* AIM OF THE EXERCISE
Return a copy of each line in the listing that includes the word "image".

* LISTED RECORDS
*** Begin section ***

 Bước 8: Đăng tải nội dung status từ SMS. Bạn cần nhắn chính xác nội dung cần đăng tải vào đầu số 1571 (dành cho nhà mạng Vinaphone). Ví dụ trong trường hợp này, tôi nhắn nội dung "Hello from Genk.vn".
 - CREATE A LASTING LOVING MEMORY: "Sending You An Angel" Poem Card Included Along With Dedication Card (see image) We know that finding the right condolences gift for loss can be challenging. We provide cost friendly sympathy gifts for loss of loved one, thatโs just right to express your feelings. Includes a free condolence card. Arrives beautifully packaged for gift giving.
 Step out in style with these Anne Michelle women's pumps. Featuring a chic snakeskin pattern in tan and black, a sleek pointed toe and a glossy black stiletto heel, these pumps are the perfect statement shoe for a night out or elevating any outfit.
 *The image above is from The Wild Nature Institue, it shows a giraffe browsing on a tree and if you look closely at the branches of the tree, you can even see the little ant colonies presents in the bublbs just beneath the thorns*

*** End section ***
*** Begin section ***

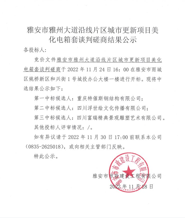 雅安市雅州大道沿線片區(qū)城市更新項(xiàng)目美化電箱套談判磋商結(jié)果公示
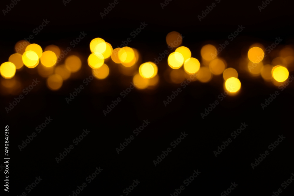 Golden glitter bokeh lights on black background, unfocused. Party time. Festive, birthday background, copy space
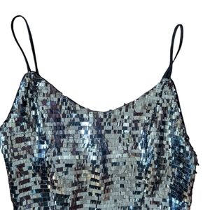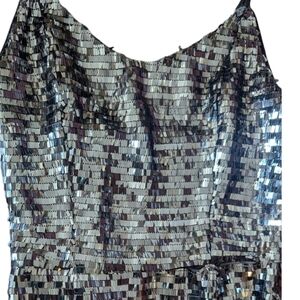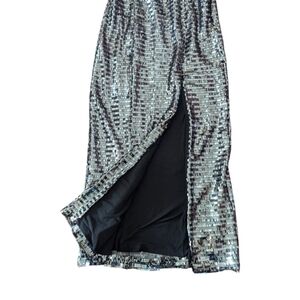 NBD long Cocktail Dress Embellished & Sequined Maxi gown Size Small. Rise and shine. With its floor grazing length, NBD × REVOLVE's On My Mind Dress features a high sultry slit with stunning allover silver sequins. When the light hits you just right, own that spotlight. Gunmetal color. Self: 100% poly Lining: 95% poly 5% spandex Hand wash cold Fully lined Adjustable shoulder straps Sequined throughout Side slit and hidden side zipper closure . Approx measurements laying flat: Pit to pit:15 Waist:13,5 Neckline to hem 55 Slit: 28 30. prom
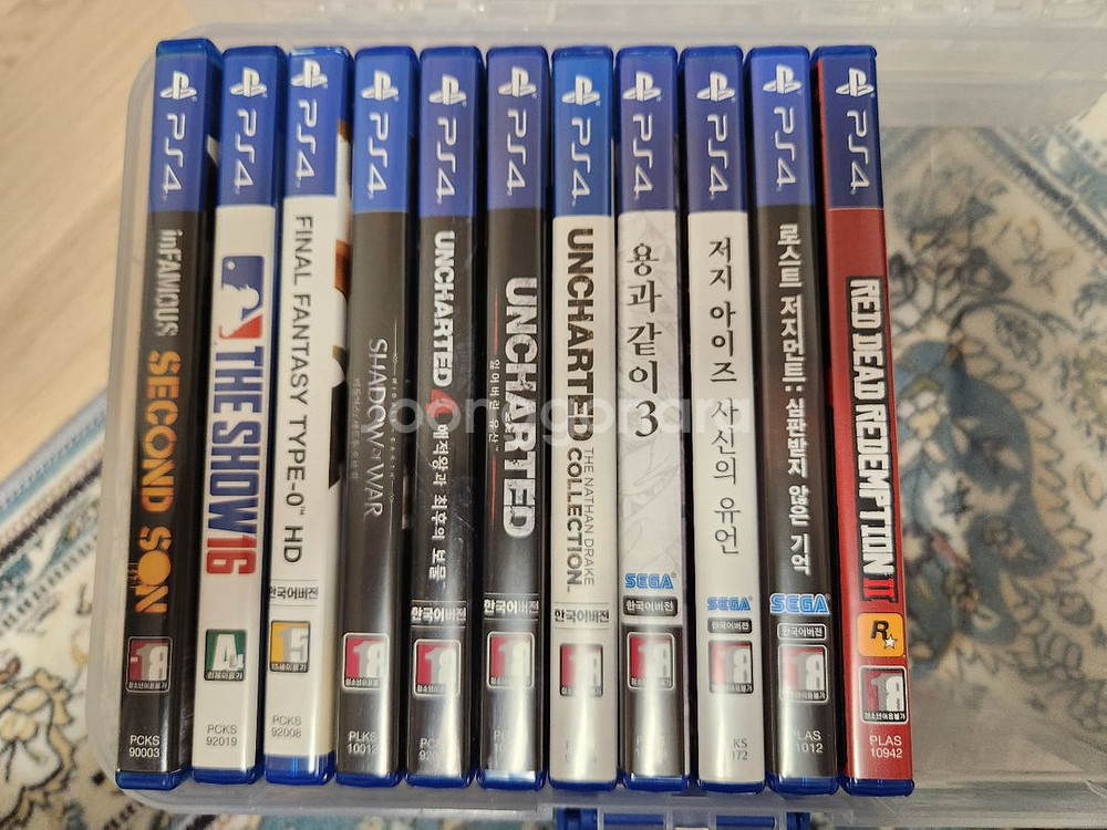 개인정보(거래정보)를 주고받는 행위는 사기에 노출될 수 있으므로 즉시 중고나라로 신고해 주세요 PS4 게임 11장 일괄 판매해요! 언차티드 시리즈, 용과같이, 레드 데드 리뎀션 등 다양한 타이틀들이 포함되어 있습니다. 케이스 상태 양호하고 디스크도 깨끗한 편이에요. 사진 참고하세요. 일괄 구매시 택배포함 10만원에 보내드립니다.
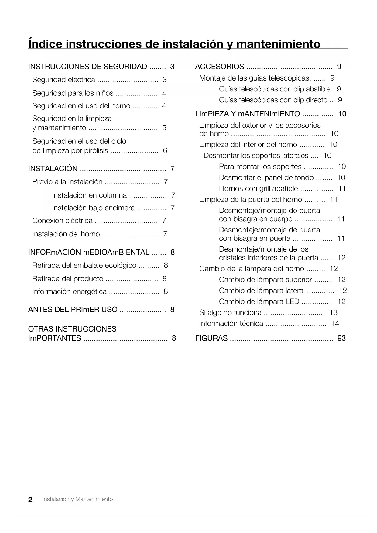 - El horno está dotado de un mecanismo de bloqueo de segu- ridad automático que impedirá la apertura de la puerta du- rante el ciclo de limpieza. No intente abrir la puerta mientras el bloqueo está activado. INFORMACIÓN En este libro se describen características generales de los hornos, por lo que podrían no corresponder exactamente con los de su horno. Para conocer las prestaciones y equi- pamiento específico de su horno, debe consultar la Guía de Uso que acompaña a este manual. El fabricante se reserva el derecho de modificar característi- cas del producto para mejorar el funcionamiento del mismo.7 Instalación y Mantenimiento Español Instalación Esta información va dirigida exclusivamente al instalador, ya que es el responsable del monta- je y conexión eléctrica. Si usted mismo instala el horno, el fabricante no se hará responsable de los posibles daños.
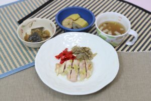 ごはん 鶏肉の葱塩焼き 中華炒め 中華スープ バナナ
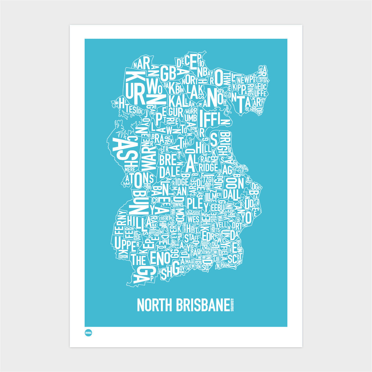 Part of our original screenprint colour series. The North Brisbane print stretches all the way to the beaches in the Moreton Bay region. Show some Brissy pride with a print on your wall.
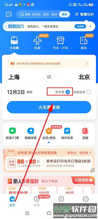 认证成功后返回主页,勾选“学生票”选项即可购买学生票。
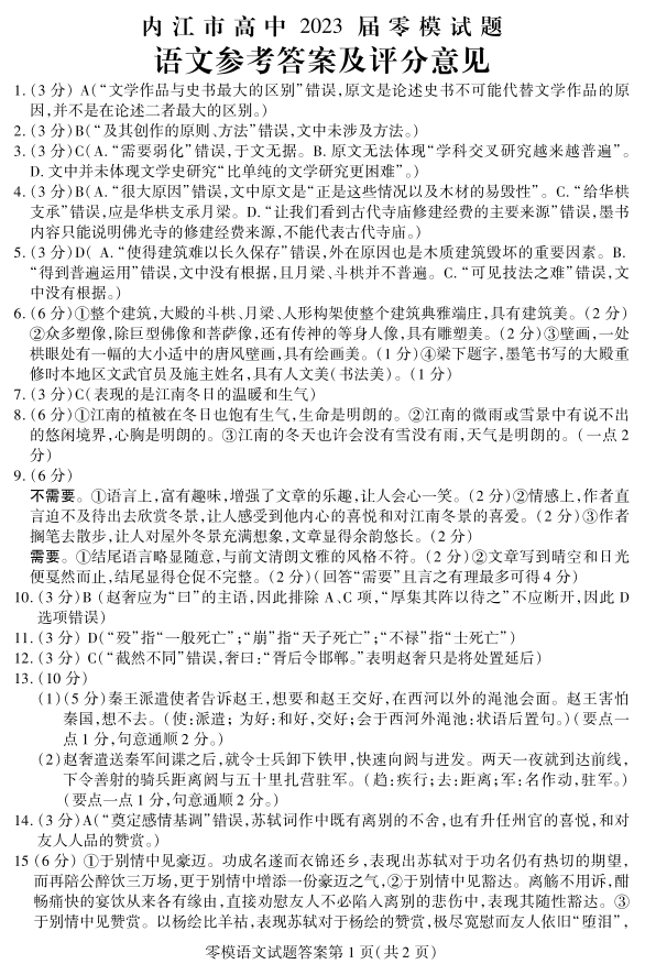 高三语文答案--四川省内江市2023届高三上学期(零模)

*** End section ***

* TASK RESPONSE
 - CREATE A LASTING LOVING MEMORY: "Sending You An Angel" Poem Card Included Along With Dedication Card (see image) We know that finding the right condolences gift for loss can be challenging. We provide cost friendly sympathy gifts for loss of loved one, thatโs just right to express your feelings. Includes a free condolence card. Arrives beautifully packaged for gift giving.
 *The image above is from The Wild Nature Institue, it shows a giraffe browsing on a tree and if you look closely at the branches of the tree, you can even see the little ant colonies presents in the bublbs just beneath the thorns*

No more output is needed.